Business with China
In the past, CAN suppliers faced some intellectual property (IP) problems in China. Last year, some new challenges appeared.
IP rights of foreigners have been violated for some times by Chinese companies. In the meantime, some of the problems are solved. But there are still copyright protected CiA documents on Chinese websites. This is illegal, even in China. But nobody takes care. New political challenges with China affect CAN business, too. European and North American governments have imposed sanctions on officials in China over rights abuses against the mostly Muslim Uighur minority groups. Western companies are forced not to manufacture products in the Xinjiang region. China responded its own sanctions on European officials.
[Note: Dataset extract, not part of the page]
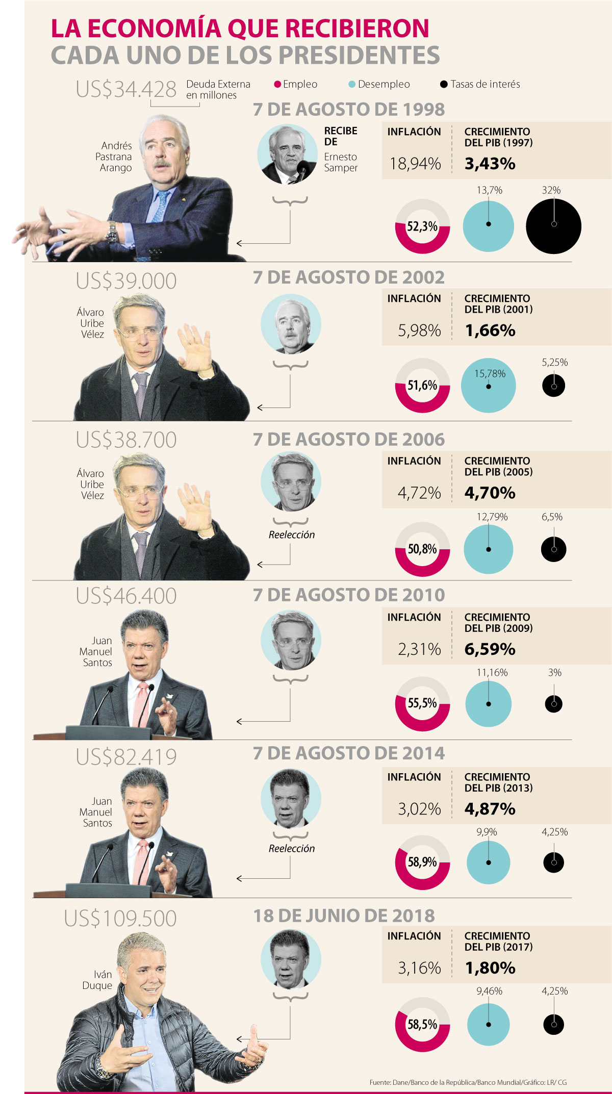Luego el 7 se agosto de 1998 recibió un país con una economía que se movió por cuenta de los cuatro años de Gobierno pasados, algo que se ha repetido por variables como la inflación, crecimiento del PIB, aumento de la deuda externa, tasas de interés y desempleo.

China official representatives requested automotive supplier Continental to stop using CAN-connectable devices and sub-systems made in its Lithuania facilities. In 2021, the European country had established diplomatic relations with Taiwan. The Chinese government regards the island as a part of the Peoples Republic of China. The above-mentioned request should put some pressure on the Lithuanian government. The targeting of Continental is an example of how the China-Lithuania diplomatic spat is spilling over into business.
In 2019, Continental has built a production site in Kaunas, Lithuania. The 22000-m2 factory with about 1000 employees is biggest greenfield investment project in Lithuania. Continental produces in Kaunas CAN-connectable advanced driver assistance systems (ADAC), access control systems, seat comfort systems, and smart autonomous doors (SAD). The SAD products provide additional comfort and safety when opening or closing the vehicles doors. For example, smart sensors in connection with a brake system stop vehicle doors from uncontrolled slamming. The anti-pinch protection safes legs and fingers of passengers from being squeezed. In addition, the obstacle detection function leads to more safety. It prevents the door from dents and paint scratches by avoiding to hit static objects such as parking cars, walls, high curbs, or bollards.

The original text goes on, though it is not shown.